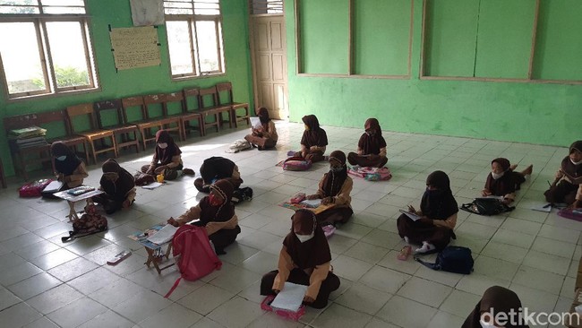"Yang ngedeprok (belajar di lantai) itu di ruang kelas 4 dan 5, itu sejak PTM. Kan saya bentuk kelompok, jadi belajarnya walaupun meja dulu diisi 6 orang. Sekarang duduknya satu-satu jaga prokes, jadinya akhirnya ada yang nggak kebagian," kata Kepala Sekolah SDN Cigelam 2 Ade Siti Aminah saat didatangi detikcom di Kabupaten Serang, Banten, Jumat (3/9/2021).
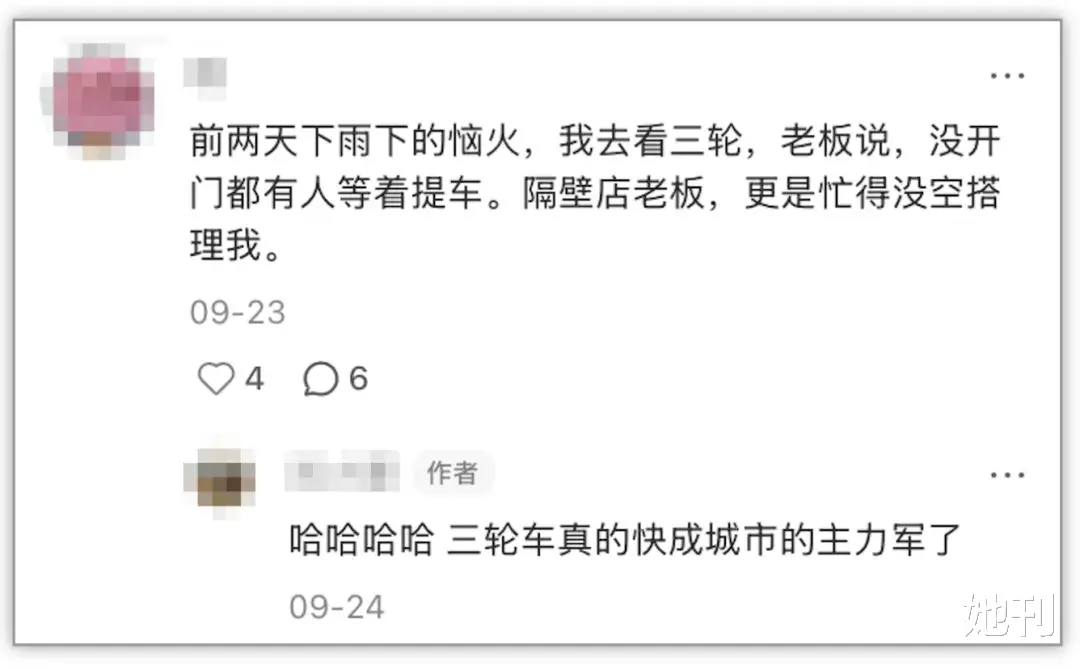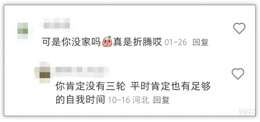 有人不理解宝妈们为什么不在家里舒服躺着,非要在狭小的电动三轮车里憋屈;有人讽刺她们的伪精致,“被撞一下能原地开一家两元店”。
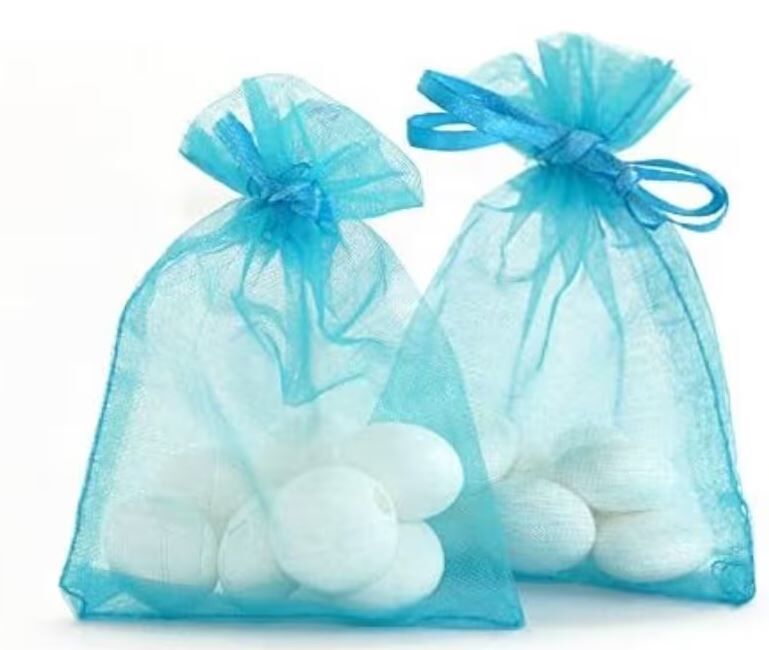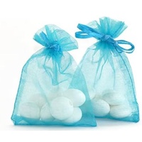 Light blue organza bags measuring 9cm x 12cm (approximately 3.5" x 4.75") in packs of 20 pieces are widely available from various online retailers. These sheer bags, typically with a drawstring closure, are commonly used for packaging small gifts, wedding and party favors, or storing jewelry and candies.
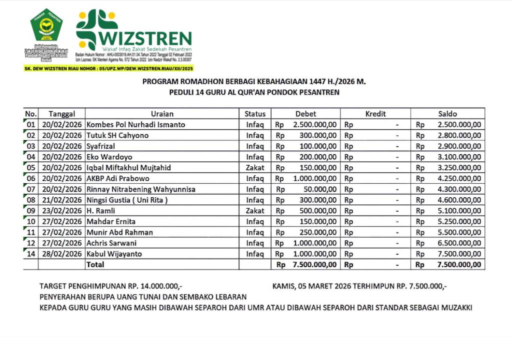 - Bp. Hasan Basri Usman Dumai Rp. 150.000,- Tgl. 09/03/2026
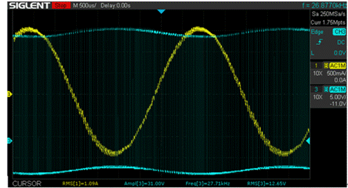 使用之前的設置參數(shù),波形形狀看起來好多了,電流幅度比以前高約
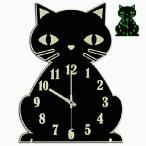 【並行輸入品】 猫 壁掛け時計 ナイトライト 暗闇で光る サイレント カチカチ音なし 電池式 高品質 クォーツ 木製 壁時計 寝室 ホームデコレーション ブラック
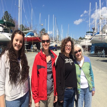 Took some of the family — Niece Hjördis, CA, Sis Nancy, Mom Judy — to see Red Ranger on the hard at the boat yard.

# [PROBLEM STATEMENT]
An exact copy is required of the lines from the one holding "有人不理解宝妈们为什么不在家" to the end of the entries above, both included; no pictures belong in it.

# [RESPONSE]
 有人不理解宝妈们为什么不在家里舒服躺着,非要在狭小的电动三轮车里憋屈;有人讽刺她们的伪精致,“被撞一下能原地开一家两元店”。
 Light blue organza bags measuring 9cm x 12cm (approximately 3.5" x 4.75") in packs of 20 pieces are widely available from various online retailers. These sheer bags, typically with a drawstring closure, are commonly used for packaging small gifts, wedding and party favors, or storing jewelry and candies.
 - Bp. Hasan Basri Usman Dumai Rp. 150.000,- Tgl. 09/03/2026
 使用之前的設置參數(shù),波形形狀看起來好多了,電流幅度比以前高約
 【並行輸入品】 猫 壁掛け時計 ナイトライト 暗闇で光る サイレント カチカチ音なし 電池式 高品質 クォーツ 木製 壁時計 寝室 ホームデコレーション ブラック
 Took some of the family — Niece Hjördis, CA, Sis Nancy, Mom Judy — to see Red Ranger on the hard at the boat yard.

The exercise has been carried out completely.